## EXERCISE MATERIAL
------------------------------------------------
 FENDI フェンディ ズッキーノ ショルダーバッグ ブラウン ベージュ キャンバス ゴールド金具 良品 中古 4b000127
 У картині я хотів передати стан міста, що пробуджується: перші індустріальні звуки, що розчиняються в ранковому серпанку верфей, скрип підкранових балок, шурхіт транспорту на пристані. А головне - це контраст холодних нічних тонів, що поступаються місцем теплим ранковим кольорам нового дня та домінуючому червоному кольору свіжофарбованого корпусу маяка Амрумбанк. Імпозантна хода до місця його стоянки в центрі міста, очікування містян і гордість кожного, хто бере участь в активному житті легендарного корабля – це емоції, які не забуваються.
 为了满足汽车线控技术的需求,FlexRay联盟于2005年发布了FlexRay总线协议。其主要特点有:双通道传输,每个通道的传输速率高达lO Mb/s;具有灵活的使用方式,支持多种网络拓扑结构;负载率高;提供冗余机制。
------------------------------------------------
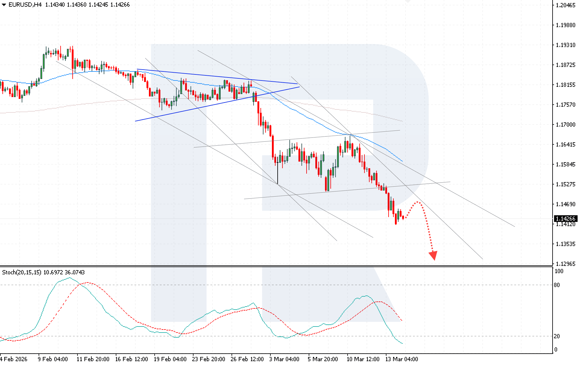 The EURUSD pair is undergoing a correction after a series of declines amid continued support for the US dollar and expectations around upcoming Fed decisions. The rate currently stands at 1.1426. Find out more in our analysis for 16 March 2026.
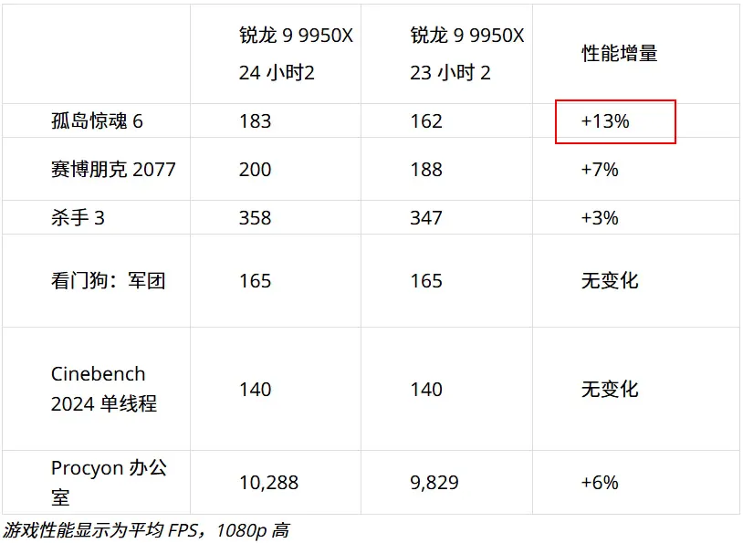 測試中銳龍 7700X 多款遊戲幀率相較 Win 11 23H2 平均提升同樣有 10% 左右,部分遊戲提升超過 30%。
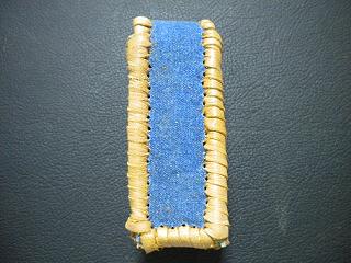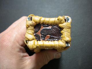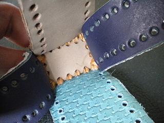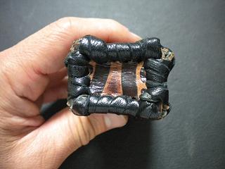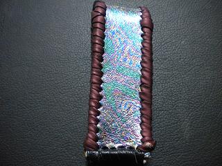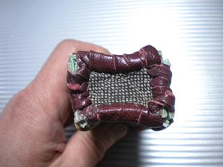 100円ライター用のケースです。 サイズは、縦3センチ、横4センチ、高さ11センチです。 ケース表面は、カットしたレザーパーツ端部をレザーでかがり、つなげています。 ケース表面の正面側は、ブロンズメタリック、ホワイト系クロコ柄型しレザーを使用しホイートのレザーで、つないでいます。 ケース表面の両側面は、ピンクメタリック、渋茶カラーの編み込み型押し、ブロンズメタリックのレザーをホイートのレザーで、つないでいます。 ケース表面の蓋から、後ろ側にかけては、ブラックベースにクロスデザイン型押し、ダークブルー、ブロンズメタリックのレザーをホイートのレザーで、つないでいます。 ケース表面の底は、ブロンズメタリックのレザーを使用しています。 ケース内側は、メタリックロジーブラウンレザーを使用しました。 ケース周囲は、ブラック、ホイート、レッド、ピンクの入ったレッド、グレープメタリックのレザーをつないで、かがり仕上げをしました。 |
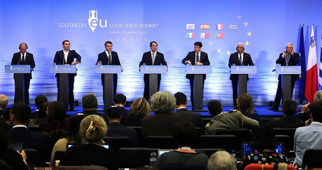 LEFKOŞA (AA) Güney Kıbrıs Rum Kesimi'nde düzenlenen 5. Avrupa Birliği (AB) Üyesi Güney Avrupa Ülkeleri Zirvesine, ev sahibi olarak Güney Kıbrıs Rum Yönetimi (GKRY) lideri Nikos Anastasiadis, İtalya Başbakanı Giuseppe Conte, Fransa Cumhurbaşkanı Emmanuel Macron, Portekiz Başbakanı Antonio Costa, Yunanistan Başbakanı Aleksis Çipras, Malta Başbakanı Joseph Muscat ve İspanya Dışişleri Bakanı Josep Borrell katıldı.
------------------------------------------------
## WHAT NEEDS TO BE DONE
In the listing above, the lines from the one containing "FENDI フェンディ ズッキーノ" through the one containing "为了满足汽车线控技术的需求,FlexRa" must be set down exactly, with no other lines.

## RESPONSE BOX
 FENDI フェンディ ズッキーノ ショルダーバッグ ブラウン ベージュ キャンバス ゴールド金具 良品 中古 4b000127
 У картині я хотів передати стан міста, що пробуджується: перші індустріальні звуки, що розчиняються в ранковому серпанку верфей, скрип підкранових балок, шурхіт транспорту на пристані. А головне - це контраст холодних нічних тонів, що поступаються місцем теплим ранковим кольорам нового дня та домінуючому червоному кольору свіжофарбованого корпусу маяка Амрумбанк. Імпозантна хода до місця його стоянки в центрі міста, очікування містян і гордість кожного, хто бере участь в активному житті легендарного корабля – це емоції, які не забуваються.
 为了满足汽车线控技术的需求,FlexRay联盟于2005年发布了FlexRay总线协议。其主要特点有:双通道传输,每个通道的传输速率高达lO Mb/s;具有灵活的使用方式,支持多种网络拓扑结构;负载率高;提供冗余机制。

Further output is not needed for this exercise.